PODCASTS | Por Lucas Boltrino | 10 de July 10:00

María I de Inglaterra, también conocida "María de Tudor", gobernó desde 1553 hasta su muerte en 1558.

Fue la única hija de Enrique VIII en sobrevivir a la infancia, luego de varios abortos espontáneos de su madre que buscaba con desesperación un heredero varón. Luego del divorcio de sus padres, y sobre todo de los malos tratos que tuvieron para con su madre, Catalina de Aragón, se replanteó acerca de qué religión quería seguir. Finalmente, optó por acompañar a su madre y se volcó al catolicismo.

El divorcio de Enrique VIII le traería algunos problemas, ya que, por la boda de su padre con Ana Bolena, tendría que renunciar a su título de princesa y pasaría a ser una simple "lady" y luego apartada de la línea de sucesión al trono por el Parlamento Inglés.

Tiempo después, por si fuera poco, sus padres se reconciliarían y fruto de esa unión nacería su hermano Eduardo, quien también sería el futuro heredero a la corona.
Sin embargo, su reinado duró muy poco y en 1553 murió, lo cual le permitió a María, en un giro inesperado de la corte británica, ascender al trono como María I.
Ella quería seguir profesando la religión católica, con lo cual buscó un pretendiente de la misma religión, y así se casó con el príncipe Felipe, heredero de la corona española.
Esta unión no fue muy bien vista por los súbditos ingleses, ya que empezaban a notar el dominio de la monarquía hispánica. Esto llevó a una rebelión en la región de Kent que fue sofocada y que daría inicio a un período sumamente oscuro para los protestantes.

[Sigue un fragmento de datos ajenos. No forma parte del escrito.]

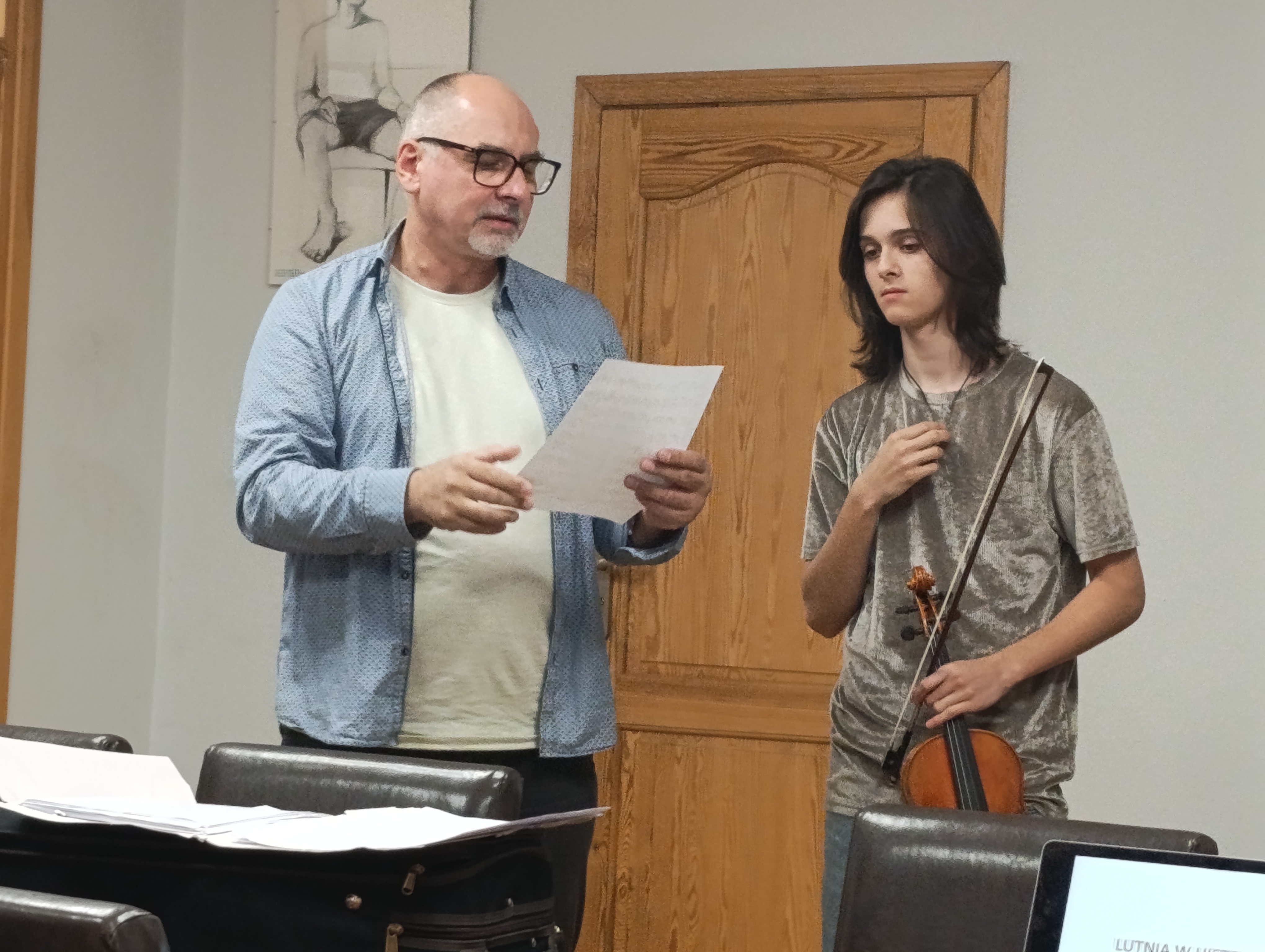 Korzystając z obecności Gościa jeden z naszych bursowych artystów, Stasiek, miał okazję zaprezentować kunszt swojej gry na skrzypcach i wysłuchać cennych wskazówek pana Henryka o swoim warsztacie pracy.

María I emprendió así una durísima represión contra todo aquel que estuviera en contra de la instauración del catolicismo. Las víctimas preferidas por la Corona fueron las personas de menor estatus social.

Si bien los números varían de acuerdo a cada historiador, se cree que llegó a condenar a la hoguera a casi 300 personas, a encerrar a otras cientas y a perseguir a miles más.
Eso la hizo acreedora de su famoso apodo, "Bloody Mary", y de la reputación de ser una mujer totalmente despiadada con tal de lograr su objetivo de ver a una Inglaterra 100% católica.

Luego de un par de embarazos fallidos, ella moriría en 1558, según se dice, producto de la tristeza de no haber podido traer un heredero al mundo, y comenzaría la leyenda que la hace ser nombrada hasta nuestros días, que dice que vagará por el mundo y se aparecerá por los espejos de cada persona que la nombre tres veces en búsqueda de ese hijo que no pudo tener.
Pero eso será una historia para otra semana.